Automating the processing of MCQ generation using state-of-the-art Natural Language Processing techniques. 

MCQ Generation


MCQ's are the most commonly used assessment type and the task to create these MCQ assessments is usually cumbersome and requires a subject matter expert who reads through the content and generates appropriate questions and corresponding wrong answers (distractors). 

Using advanced Natural Language Processing techniques, we will see how we can automate the process of MCQ Generation. 

· · ·

How would a teacher create MCQs?

Before moving on to the technical implementation, let's go through how a question author (teacher, tutor, etc) would approach this problem. This will give us some idea on how to structure out the steps required for the solution. 

Step 1: Identify key Sentences/Concepts

Text Summarisation


The first step would be to go through the sentences and figure out the key sentences/concepts being discussed in the given text. This would help us to filter out the sentences which are less important.

Step 2: Identify keywords from sentences

Extracting keywords


After filtering out the sentences, we need to extract the keywords or keyphrases. Keywords or keyphrases are the important concepts in the sentences which will serve as the correct answers, on the basics of which MCQs will be generated. 

In the above text, Musk, Tesla, Bitcoin, Dogecoin, etc are the extracted keywords. 

Step 3: Form Multiple Choice Questions

Generating MCQ


With the knowledge of the given text, the tutor/teacher can then form the multiple choice question. These questions are formed in such a way that the individual keywords or keyphrases are the answers to them. 

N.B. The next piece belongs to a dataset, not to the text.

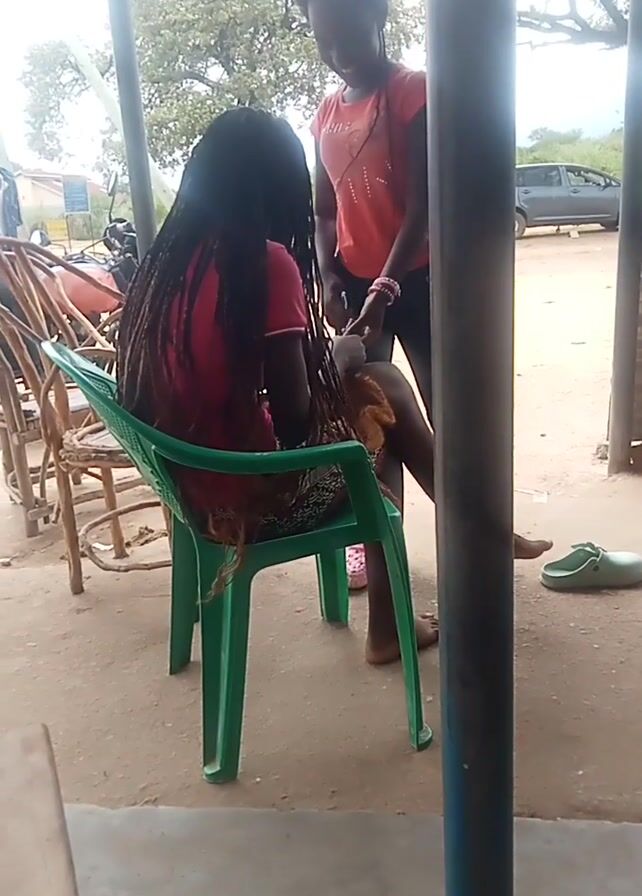 Two people are present outdoors. One individual with long, dark hair sits in a green plastic chair, wearing a red shirt. The other person, also wearing a red shirt, stands behind the seated individual, seemingly working on their hair. The environment appears to be a shaded area with a concrete floor. A metal pole is visible in the foreground, partially obscuring the view. Additional objects like a motorcycle, a shoe, and other chairs can be seen in the background.

Along with the question and the correct answer, the tutor/teacher will also create distractors ( wrong answer choices). The rule of thumb is that the distractors should be similar to the correct answer but not obvious enough to give away the correct answer. They are meant to confuse the quiz taker.

Posing it as an NLP Problem

Having gone through the steps a teacher would intuitively use to generate the MCQs, our task now is to pose this as a Natural Language Processing problem and attempt to solve it. 

The overview of this would look something like this -> 

Overview


The process will contain 5 steps in total - 

  1. ​Abstractive/Extractive Summarization. 
  2. Paraphrasing of sentences. 
  3. Keyword/Keyphrase Extraction. 
  4. Question Generation. 
  5. Wrong choices/distractors generation.
Let's go through these step by step. 

Step 1: Abstractive/Extractive Summarization

Summarization refers to the task of creating a short summary of the whole text. Summarization can be done in two ways, abstractive summarization, and extractive summarization. While extractive summarization extracts words and word phrases from the original text to create a summary, abstractive summarization learns an internal language representation to generate more human-like summaries, paraphrasing the intent of the original text. 

We can leverage these T5 Models for summarization.

Step 2: Paraphrasing of sentences

We would need to paraphrase the result if we are using extractive summarization in the first step. Although, if we had used abstractive summarization earlier we can skip this step as it has already been paraphrased during summarization. 

We can choose amongst these paraphrases available in the Hugging Face NLP library.

Step 3: Keyword/Keyphrase extraction

Extract keywords


Given the paraphrased sentence, next, we would extract the keywords. These keywords would serve as the basis for questions that will be generated in the next step. 

Multipartite rank is one useful algorithm, used in keyword extraction. We can leverage the open-source library python-keyphrase-extraction (pk3) for this task. 

Step 4: Question Generation

Generate questions


We have the keywords and the text, which will now be used to generate questions related to each keyword. 

We can use the T5 Transformer model that is explicitly trained to take some context and a relevant keyword and generate an appropriate question as shown above.

Step 5: Getting distractors

We have the question and also the right answer for it. To complete the generation of  MCQ, we now need to create distractors which are the wrong choices for the MCQ answer. 

For example, if there is a question - What is the capital of India, for which the right answer is New Delhi, then the distractors can be other metropolitan cities like Mumbai, Kolkata, Chennai, etc.

We can use word vector algorithms and their variants like sense2vec to find distractors. We can also use advanced prompts to OpenAI's GPT-3 language model and generate appropriate distractors.

· · ·

OVERVIEW

Overview


The diagram above shows different processes that we had used to generate Multiple Choice Questions from a given text. 

Notice how using several techniques in combination helps us solve a real-world problem.  

· · ·

This is how we can create Multiple Choice Questions (MCQs) automatically using AI.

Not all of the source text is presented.